3. The imaging tube of claim 2 in which said substrate is germanium.
This invention relates to imaging tubes, particularly useful with inputs in the middle infrared range.
Imaging tubes using transmissive photocathodes are well known in the art.
I have discovered that an imaging tube especially useful in imaging infrared light sources in the range of wavelengths of 5 to 15 microns may be had by providing a mosaic of electrically segregated semiconductor elements having electrical characteristics modified by impact thereon of the sources being imaged, along with means to provide from those areas thus modified, electrons in a corresponding pattern for amplification. In preferred embodiments, the electrons are generated by impact on the semiconductor elements of near infrared energy chosen so that only electrons emitted at semiconductor portions impacted by middle infrared will pass a screen interposed between the semiconductor elements and a channel electron multiplier, and the middle infrared rays impact on the semiconductor elements after passing through a middle infrared transmissive substrate, such as germanium, for the semiconductor array.

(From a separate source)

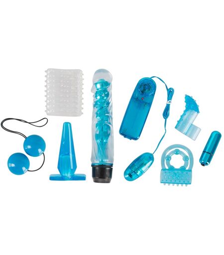 Inhalt: 1. Multispeed-Vibrator mit angedeuteter Eichel und reizstrukturiertem Schaft. 17,4 cm lang, Ø 2,8-3,4 cm. 2. Penismanschette mit Reiznoppen und Wellen. 7 cm lang, Innen-Ø 3,3 cm (sehr dehnbar). 3. Vibro-Ei mit kabelgebundenem Bedienelement. 5,5 cm lang, Ø max. 2,5 cm Kabel 66 cm lang. 4. Vibro-Bullet - einsetzbar in 5.-7. 6 cm lang, Ø 1,7 cm. 5. Penis-/Hodenring mit Noppen für zusätzliche Klitorisstimulation. Penisring mit 5 Kugeln, Hodenring glatt. Penisring Innen-Ø 2,4 cm, Hodenring Innen-Ø 4 cm beide sehr dehnbar. 6. Fingerhülle mit G-Punkt-Spitze und genoppter Oberfläche. 5,5 cm lang. 7. Analplug, spitz zulaufend. 9,2 cm lang, Ø max. 2,9 cm. 8. Liebeskugeln mit Rückholband (Polyamid). 26 cm lang, Ø 3,4 cm. ABS, TPE. Batterien bitte extra bestellen: 2 x AAA und 2 x AA. ...

In a modified embodiment, channels of a microchannel plate are defined by optical fibers, with electron amplification and near infrared transmission moving in opposite directions through, respectively, the channels and the fibers.
The preferred embodiment, shown in the drawing, has the structure and mode of operation now discussed.
FIG. 1 is a vertical sectional view, somewhat diagrammatical, not to scale, and with a small portion shown enlarged, through the preferred embodiment.
FIG. 2 is a vertical sectional view through one channel portion of the microchannel plate of a modified embodiment of the invention.
There is shown in the drawing, indicated generally at 10, an imaging tube according to the invention.
The tube 10 includes a ceramic housing 12 surrounding a cryogenic portion 14 and a vacuum-tight imaging portion 16, the two being separated by germanium wall 18.
Window 20 transmissive to visible light is provided in housing 12 for viewing by eye.
Coated on wall 18 in imaging portion 16 is a continuous electrode 22 which carries on it a multiplicity of separate semiconductor phototransistor elements (indicated collectively at 24), as a mosaic. The elements 24 are about 75 microns square, and spaced apart with gaps of about 5 microns. Each semiconductor element carries on its face away from continuous electrode 22 an electrode 26 in contact only with its respective semiconductor element of the mosaic. Overlying the electrodes 26 is photocathode 28. Extending across portion 16 adjacent photocathode 28 is mesh grid 30. Mounted in portion 16 between wall 18 and microchannel plate 32 is LED photon emission source 34, of wavelength of 850 nanometers.
Germanium window 40 cooperates with germanium disc 18 and ceramic housing 12 (indicated diagrammatically, and extending from around window 40 along the entire length of the tube to surround window 20) to define a flow zone for helium at minus 180° C.; helium inlet and outlet conduits 42 and 44 are indicated diagrammatically.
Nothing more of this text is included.